National Health Accounts (NHA) is the commonly used tool to track health care expenditure across countries. Normally, this tool uses information from various sources including government expenditure reporting systems, health insurance offices data, data reported by donors, and data reported by employers and NGOs. All the above sources help to capture health care expenditures through third party payments, including general taxation, donor funding and health insurance. However, a large challenge remains in getting accurate and reliable information on direct household and individual out-of-pocket (OOP) payments for health care access. Current approaches to estimate out-of-pocket payments rely on data from national surveys, like Living Standard Surveys (LSS) and Household Budget Surveys (HBS). Since these surveys are not specifically designed to capture health care expenditures, they suffer a number of limitations when used to prepare country NHAs. Most of the existing national representative surveys are not health specific as they collect a broad range of information hence do not go into details to collect a more disaggregated out-of-pocket payments (SIDA 2007; Heijink, Xu et al. 2011).
NHA preparation requires disaggregated information on out-of-pocket payments by providers, diseases, age, gender, and functions. Such information is normally not well captured in national general surveys. Further, the way data is collected does not allow comparability across countries and/or over time analyses due to heterogeneity in the way out-of-pocket payments variables are collected. There are substantial variations in recall periods in the surveys tools across countries, some survey using one week others one month and others a one year recall period (Heijink, Xu et al. 2011). There are also variations in the number of OOPs expenditure items included in surveys and the way the health questions are structured (Heijink, Xu et al. 2011). The interval or time period between national surveys is usually long (5 years in the case of the LSMS and DHS). It is also very difficult to validate out-of-pocket data collected through these national surveys as there is no agreed gold standard approach. This raises the necessity of developing and evaluating a standardized instrument that would enhance disease specific measurement of NHA across countries using longitudinal data that is disaggregated by income or wealth quintiles, districts, urban/rural location, and relevant demographic and socioeconomic factors[2]

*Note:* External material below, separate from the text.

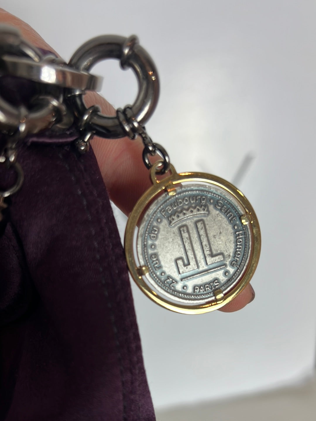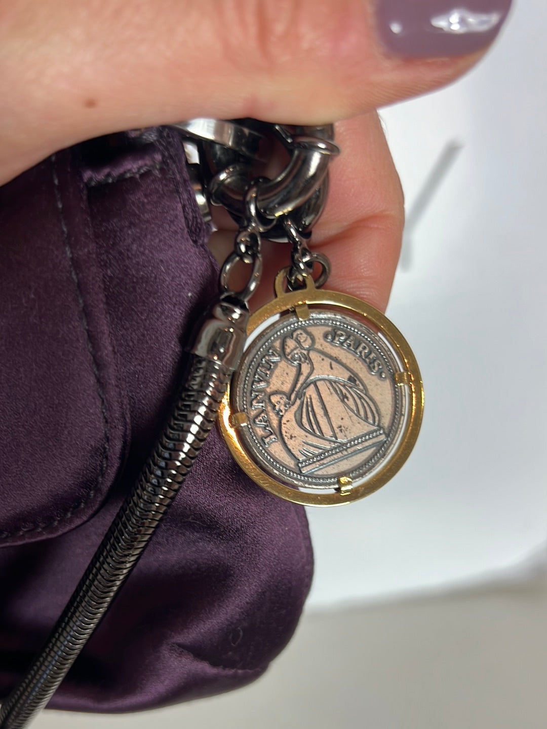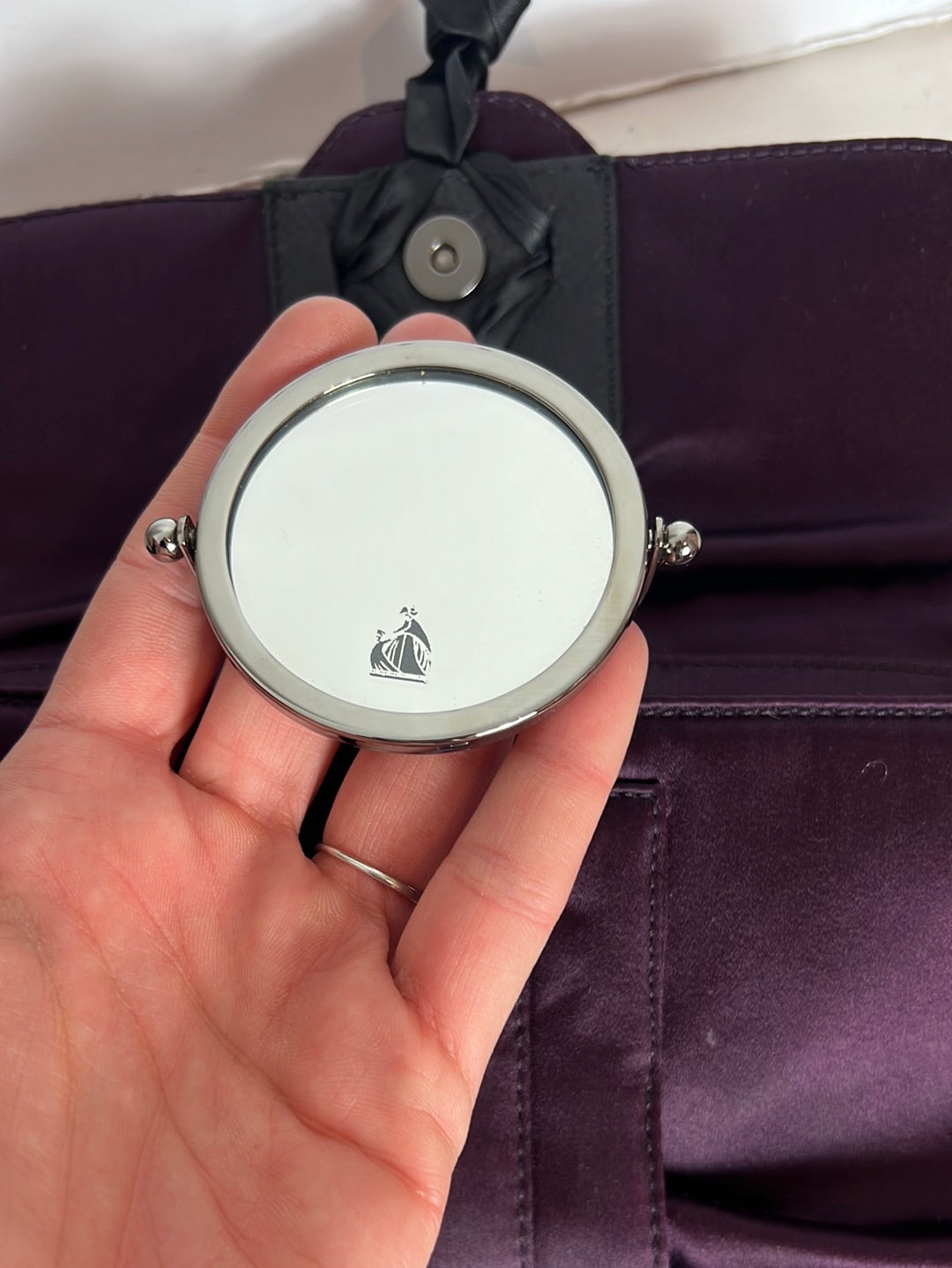 Bolso mini color berenjena con espejo interior. Tara: tiene un roce en el broche (foto). Ancho 26cm, alto 13cm

Financial protection is considered to be one of the key UHC indicators that will be used to track countries’ progress particularly post 2015 MDG (World Health Organisation 2010). This highlights the necessity of assessing how countries make effort to reduce dependency on out-of-pocket payments and their catastrophic and impoverishment effect and increase government subsidies to the poorest as a strategy to improve financial protection and guarantee access to needed services.